Grenada’s four year old government of Prime Minister Tillman Thomas has carried out one of its electoral promises to remove criminal libel from the island’s law books.
As part of the amendment to the Criminal Code, Criminal Libel has been taken off the Law Books, effective September 14.
The effect of the move is that local Journalists can continue to ply their trade, free from the threat of facing Criminal Libel from politicians.
However, Director of Public Prosecutions (DPP) Christopher Nelson told THE NEW TODAY newspaper that if there is a Criminal Libel case pending before September 14, it remains alive.
Sections 252 and 253 that dealt with both Intentional and Negligent Criminal Libel have been repealed.
According to DPP Nelson if Journalists intentionally or negligently libel someone, they cannot be criminally prosecuted based on the changes to the Criminal Code that was initiated by the governing National Democratic Congress (NDC) administration.
However, the DPP disclosed that civil consequences would still be another avenue for someone who has been libeled to get at Journalists.
He warned that the removal of Criminal Libel on the Law Books is not “an open season” for Journalists to print any information in their possession without verifying it.

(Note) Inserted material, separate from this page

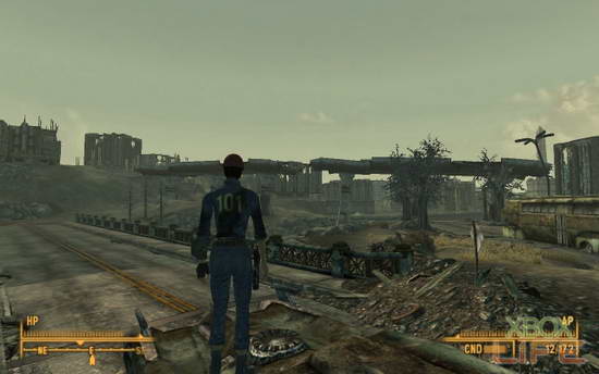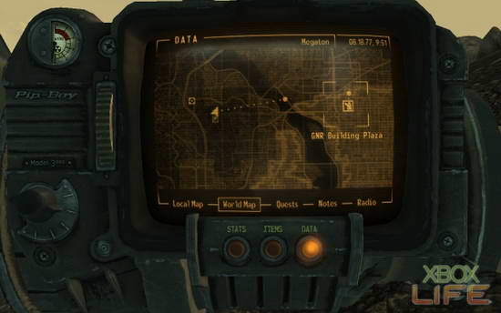 Moriarty知道我得赶快追上老爸的脚步,他帮我在Pip-Boy上标好路线(!),坚定地目送我离去。东南方,「旧特区废墟」中的「Galaxy News Radio」,那是我的下一站。

DPP Nelson said the job of the Journalists is to inform and not to misinform and they still need to be careful as they have a duty and obligation to verify what is reported.
“That responsibility still remains, and the civil sanction is still there,” he stressed.
“Check, double check and recheck. Make sure that what you put out is accurate, is correct, unless it is an opinion,” he added.
The DPP spoke of the general law on libel that is between private parties being still intact, and according to him would not change.
“It is in the same way that somebody damages your goods or your property, you can sue them, it is the same way you damage someone’s reputation they can sue you. But the object of the legal proceedings in civil is a compensation or probably injunction. The object of the criminal sanction was for punishment,” he said.
The penalty for intentional libel carried a maximum penalty of two years imprisonment, while negligent libel was six months.
The last known case of criminal libel in Grenada was instituted by former Special Prosecutor, Hugh Wildman of Jamaica on behalf of former Prime Minister, Dr. Keith Mitchell against Editor of the defunct GRENADA TODAY newspaper.
The case was taken off the court list by DPP Nelson after Dr. Mitchell repeatedly failed to appear in court before then Chief Magistrate, Patricia Mark to be cross-examined by local attorney-at-law, Anselm Clouden.
The Chief Magistrate was forced to demit office after she allegedly refused to bow to demands to cut short the cross examination by Clouden and send the matter up to the high court for trial before a judge and jury.